1-162/2 | 1-162/2 |
29 AVRIL 1997
Le CONSEIL D'ÉTAT, section de législation, deuxième chambre, saisi par le président du Sénat, le 22 juillet 1996, d'une demande d'avis sur une proposition de loi « modifiant le Code électoral, en vue de permettre aux Belges résidant à l'étranger de participer aux élections législatives » (doc. Sénat, session 1995-1996, nº 1-162/1), a donné le 16 avril 1997 l'avis suivant :
1. Comme l'indiquent son intitulé et ses développements, la proposition de loi déposée par MM. Destexhe et Desmedt entend « permettre » aux Belges résidant à l'étranger de participer aux élections législatives. Partant de l'idée que « tous les Belges résidant à l'étranger » n'ont pas conservé un intérêt « à l'égard de la politique belge », la proposition souhaite octroyer le droit de vote « à ceux qui, par leur démarche volontaire, prouvent avoir conservé cet intérêt suffisant ». Une telle démarche serait attestée par l'inscription, lors du départ à l'étranger, sur un registre spécial tenu à la commune.
Telle qu'elle est formulée, la proposition ne traduit pas clairement les intentions de ses auteurs. L'on n'aperçoit pas, notamment, dans la rédaction proposée pour l'article 147ter, si le Belge qui réside à l'étranger est tenu, en règle générale, de participer aux élections législatives, s'il est libre ou non d'exprimer un suffrage à l'occasion de telles élections ou encore si, après inscription au registre spécial, il est obligé d'utiliser les modes du vote par procuration pour remplir le devoir électoral qui est désormais le sien.
L'on peut comprendre que les auteurs de la proposition de loi ne retiennent que l'idée d'une inscription facultative, voire celle du vote facultatif. La loi qui entendrait imposer l'inscription administrative et l'obligation de vote à tous les Belges qui quittent le territoire pour résider à l'étranger pourrait se heurter à des difficultés considérables d'application. Elle laisserait, par exemple, sans réponse la question de recensement et du statut des Belges qui résident à l'étranger sans l'avoir jamais fait en Belgique ou de ceux qui, résidant à l'étranger, auraient entre-temps perdu la nationalité belge.
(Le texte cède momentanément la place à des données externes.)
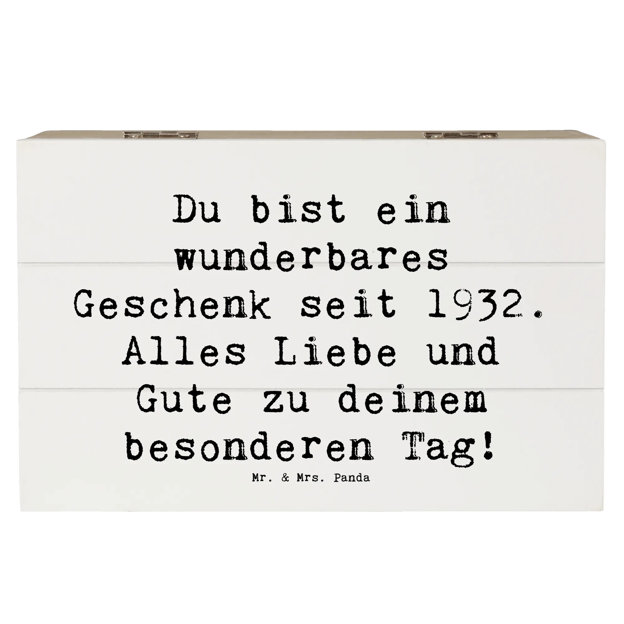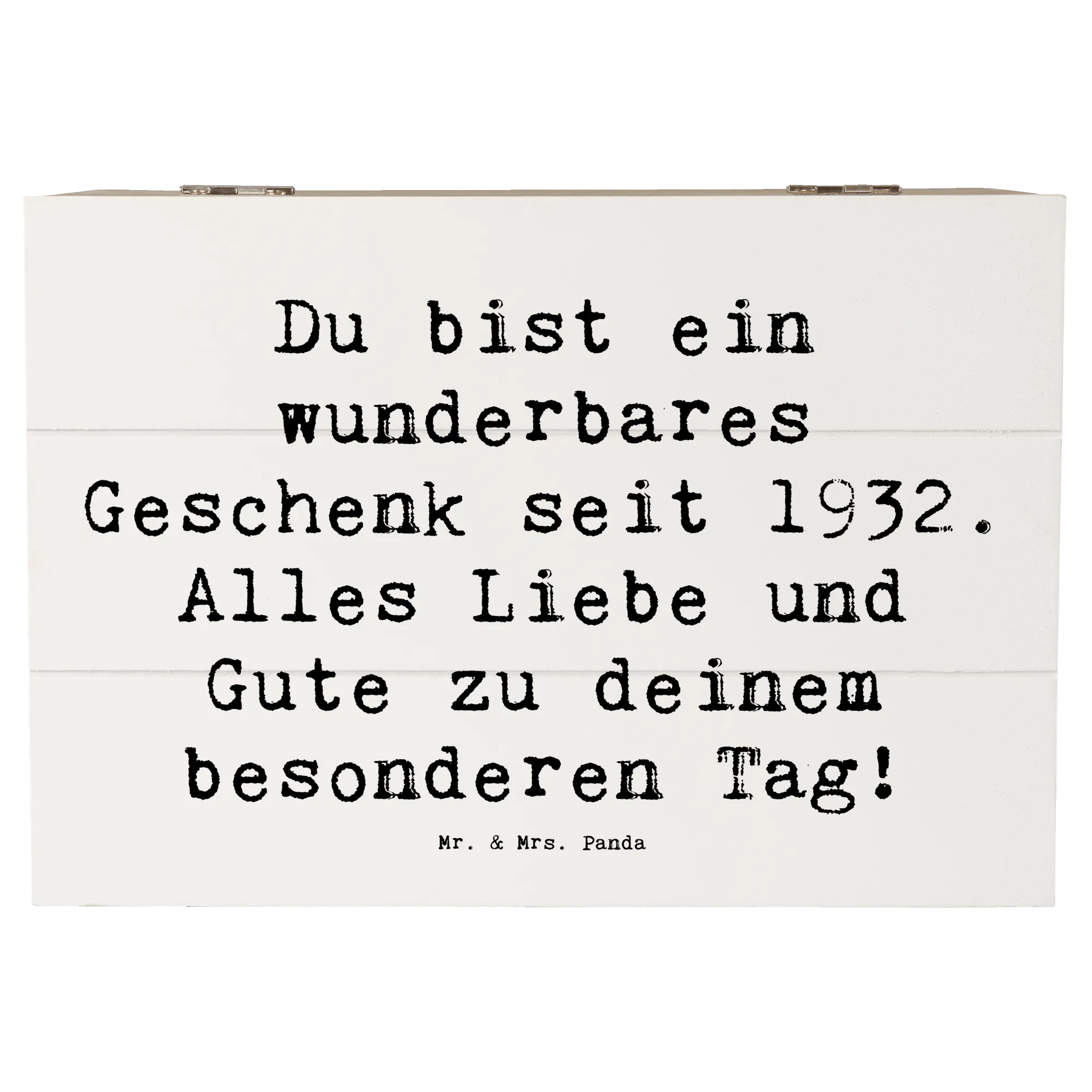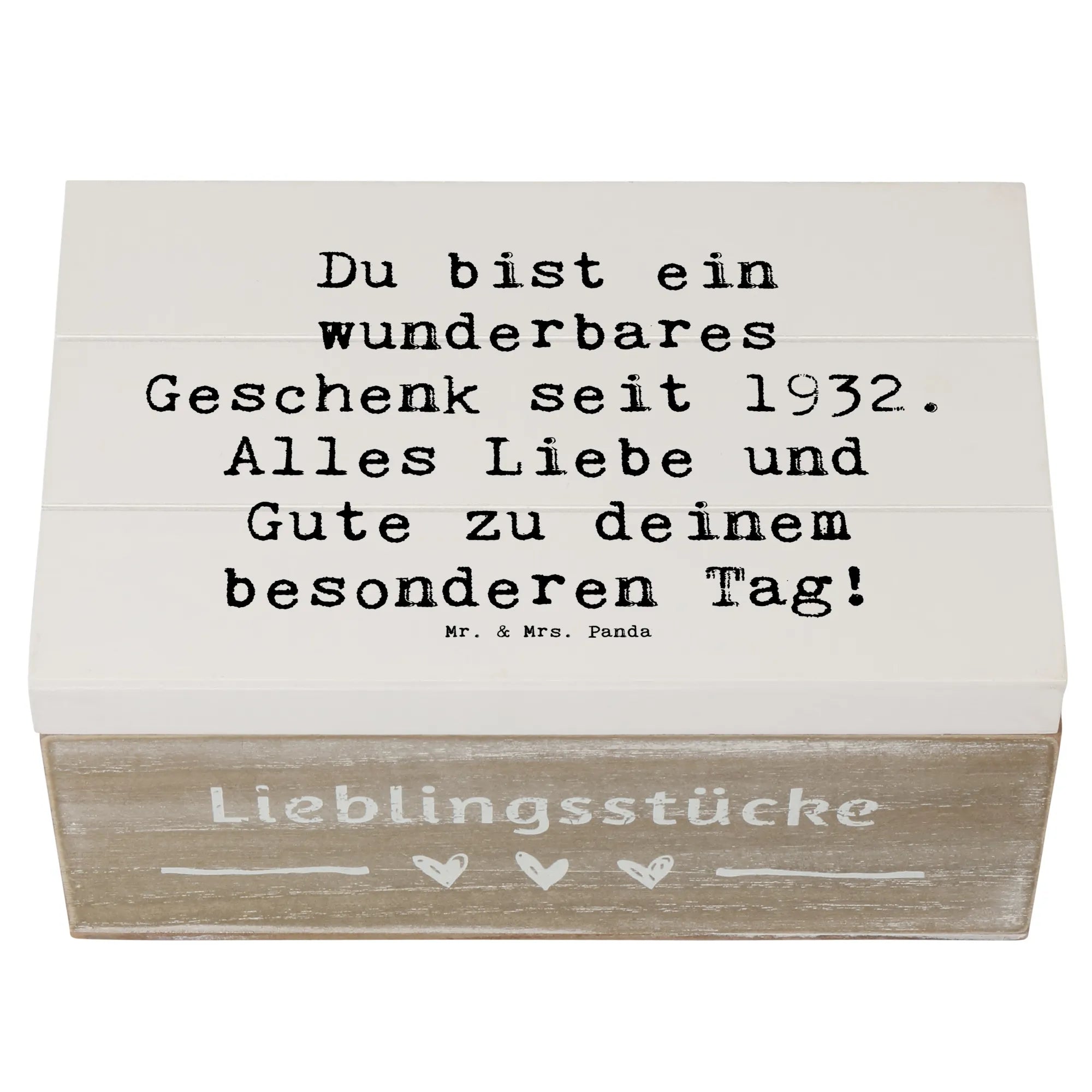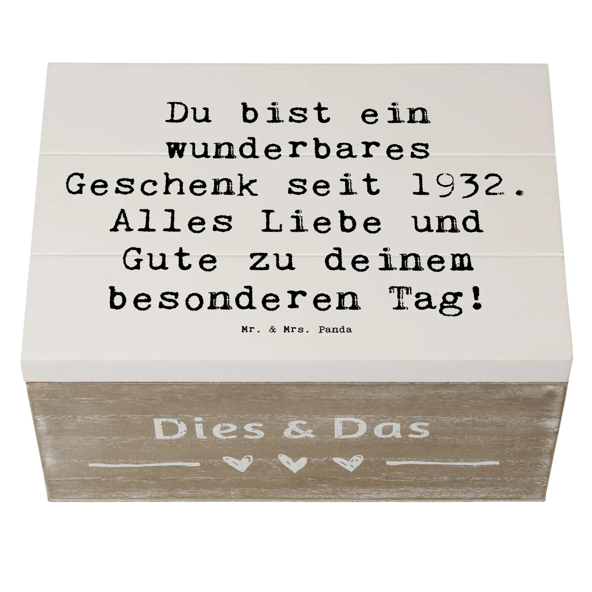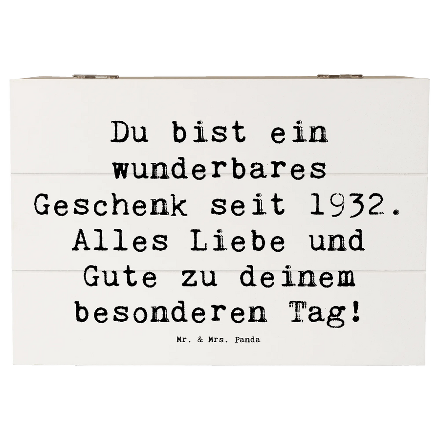 Wooden chest Saying Du bist ein wunderbares Geschenk seit 1932. Alles Liebe und Gute zu deinem besonderen Tag! - 22 x 15 cm - White

Elle pourrait également heurter les dispositions inscrites dans l'article 22 de la Constitution et dans l'article 8 de la Convention de sauvegarde des droits de l'homme et des libertés fondamentales, en apportant des restrictions excessives au droit qu'a le citoyen de se déplacer, y compris en dehors de son pays, sans devoir « signaler ses nouvelles coordonnées » aux autorités de ce dernier.
En recourant à la technique de l'inscription facultative et donc de la participation facultative aux élections législatives, la proposition de loi s'inscrit, cependant, en méconnaissance du principe inscrit à l'article 62, alinéa 3, de la Constitution. Cette disposition ne se borne pas à prescrire l'inscription des électeurs à la commune et à requérir qu'ils y accomplissent, soit personnellement, soit par mandataire, leur devoir électoral. Elle veut aussi que « le vote » soit « obligatoire » (alinéa 3, première phrase). Elle ne saurait être interprétée comme faisant peser sur les seuls électeurs résidant en Belgique et inscrits ainsi de plein droit sur la liste des électeurs l'obligation de voter. Dès lors que les Belges résidant à l'étranger acquerraient la qualité d'électeur, ils devraient voter.
2. La proposition à l'examen ne peut laisser sans réponse la question des sanctions applicables au citoyen qui ne se serait pas inscrit sur le registre spécial ou qui, y étant inscrit, ne remplirait pas son devoir électoral.
3. Contrairement à ce que semblent indiquer les développements, le champ d'application de la proposition se limite aux élections à la Chambre des représentants et au Sénat. Pour accorder le droit de vote pour les élections du Conseil flamand, du Conseil régional wallon et du Conseil de la Région de Bruxelles-Capitale, une loi spéciale devrait être conçue.
4. Contrairement à ce qu'indique l'article 1er de la proposition soumise à l'examen, celle-ci n'entend pas régler une matière visée à l'article 77, mais à l'article 78 de la Constitution.
La chambre était composée de :
M. J.-J. STRYCKMANS, président de chambre;
MM. Y. KREINS et P. LIENARDY, conseillers d'État;
MM. F. DELPEREE et J. van COMPERNOLLE, assesseurs de la section de législation;
Mme J. GIELISSEN, greffier.
Le rapport a été présenté par M. M. BAUWENS, auditeur adjoint. La note du Bureau de coordination a été rédigée et exposée par M. L. DETROUX, référendaire adjoint.
La concordance entre la version française et la version néerlandaise a été vérifiée sous le contrôle de J.-J. STRYCKMANS.